Пожалуй, лучше было бы выбрать образ жизни „завсегдатаев кофеен“, как говорит герцогиня, – она, кажется, склонялась к такому решению, а ведь она гораздо умнее меня. Благодаря ее щедрости или даже всего лишь на отцовский пенсион в четыре тысячи франков и доход с тех сорока тысяч, что матушка положила для меня в Лионский банк, я всегда мог бы иметь верховую лошадь и немного денег на раскопки и составление коллекции. Это всегда было бы для меня неиссякаемым источником радостей, поскольку я, видимо, не создан для любви.

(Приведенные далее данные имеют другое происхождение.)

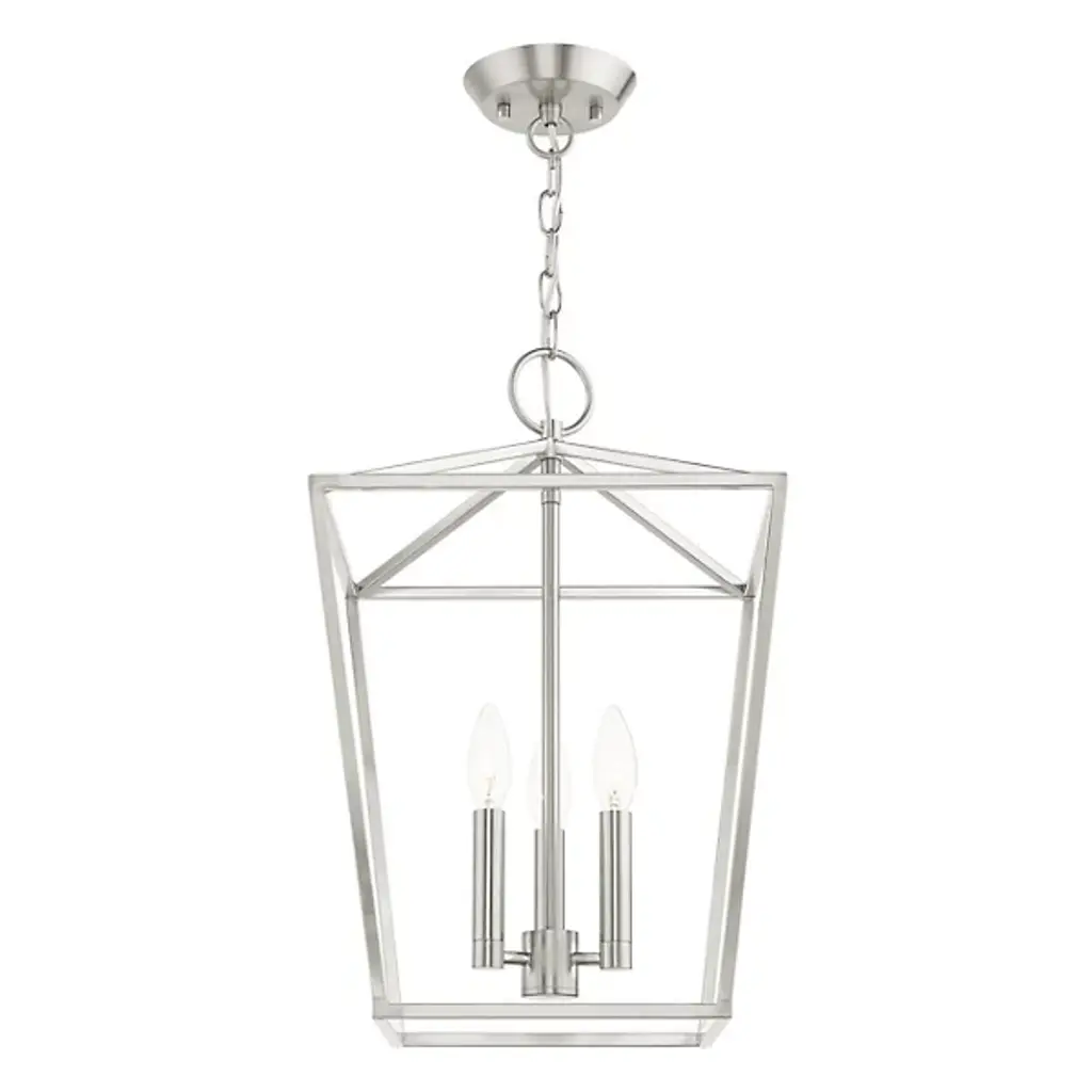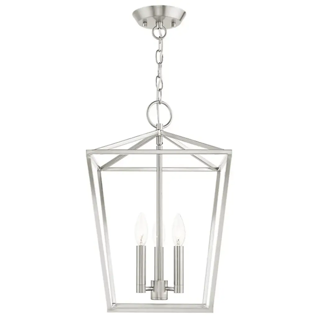 An open fixture with a captivating transitional appeal. The Shasta 3 Light Semi Flushmount / Pendant from Alder & Ore is the standout piece in open spaces, designed to complement a range of home styles. It extends down from a beveled, circular canopy with a length of chain for a pendant or flushmount look. Topped with a ring finial, an angular steel frame presents a clean, open silhouette. Candelabra-style lamps set around a cylindrical hub as they suspend from a slender stem. This open lamping arrangement dispenses a broad layer of light in any indoor location.
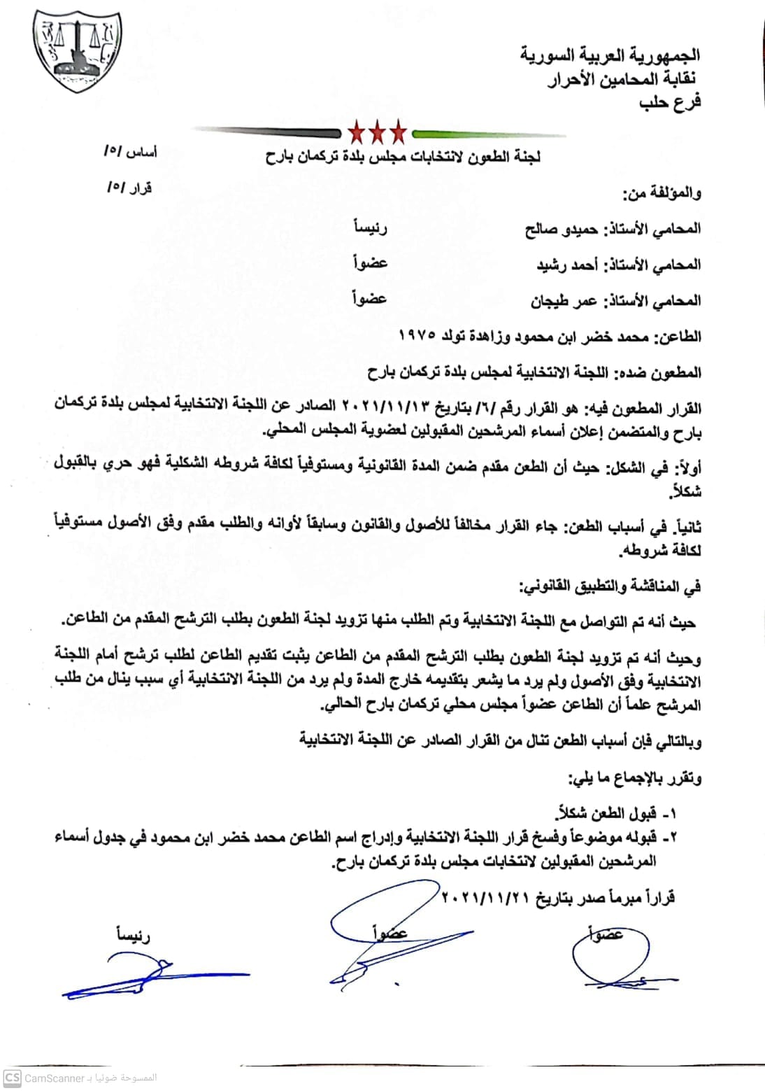 قرار من لجنة طعون لانتخابات المجلس المحلي لبلدة تركمان بارح بقبول طلب الطعن بانتخابات المجلس

А на склоне дней я поехал бы посмотреть на поле сражения при Ватерлоо и, может быть, узнал бы тот луг, где меня так ловко стащили с лошади и посадили на землю. После этого паломничества я часто приезжал бы сюда, на чудесное это озеро, самое прекрасное в мире – по крайней мере для моего сердца. Зачем где-то далеко искать счастья? Вот оно тут, передо мной!»
– Ах, да! – воскликнул Фабрицио, словно возражая себе, – полиция, изгнала меня с берегов Комо… Но ведь я моложе тех людей, которые руководят ее преследованиями. Здесь, конечно, я не найду герцогини д'А***, – добавил он смеясь, – но, может быть, встречу одну из этих юных девушек, что сейчас украшали цветами улицы, и, право, я буду любить ее не меньше: лицемерие обдает меня ледяным холодом даже в любви, а у наших знатных дам слишком возвышенные требования. Наполеон внушил им идеал нравственности и постоянства.
– Черт побери! Жандармы! – воскликнул он и отпрянул от окна, как будто испугавшись, что его увидят и узнают, хотя на него падала тень огромного дощатого навеса, защищавшего колокола от дождей. – Шествие жандармов в парадных мундирах!
Действительно, в конце главной улицы деревни показалось десять жандармов, из них четыре унтера. Вахмистр расставил жандармов через каждые сто шагов вдоль всего пути, по которому должна была проследовать церковная процессия.
«Все меня тут знают; если меня увидят, я с берегов Комо сразу попаду в Шпильберг, и мне закуют ноги в кандалы весом в двести двадцать фунтов. Какое это будет горе для герцогини!..»
Только через две-три минуты Фабрицио сообразил, что, во-первых, он находится на высоте в восемьдесят футов, а во-вторых, там, где он стоит, относительно темно, тогда как людям, которые могли бы его увидеть, в глаза бьет яркое солнце, и к тому же все они бродят, разинув рот, по улицам, где все дома заново выбелены в честь праздника св. Джиовиты. Невзирая на столь веские доводы, итальянская душа Фабрицио уже не могла наслаждаться никакими радостями, пока он не отгородился от жандармов, завесив окно лоскутом старого холста, в котором проделал затем две дырки для глаз.
Уже минут десять воздух гудел от колокольного звона: из церкви выходила процессия; затрещали мортаретти. Фабрицио повернулся и увидел на выступе берега площадку с перилами, на которые он часто взбирался в детстве, чтобы посмотреть, как мортаретти будут палить у его ног, – из-за этого-то мать по утрам в праздники не отпускала его от себя ни на шаг.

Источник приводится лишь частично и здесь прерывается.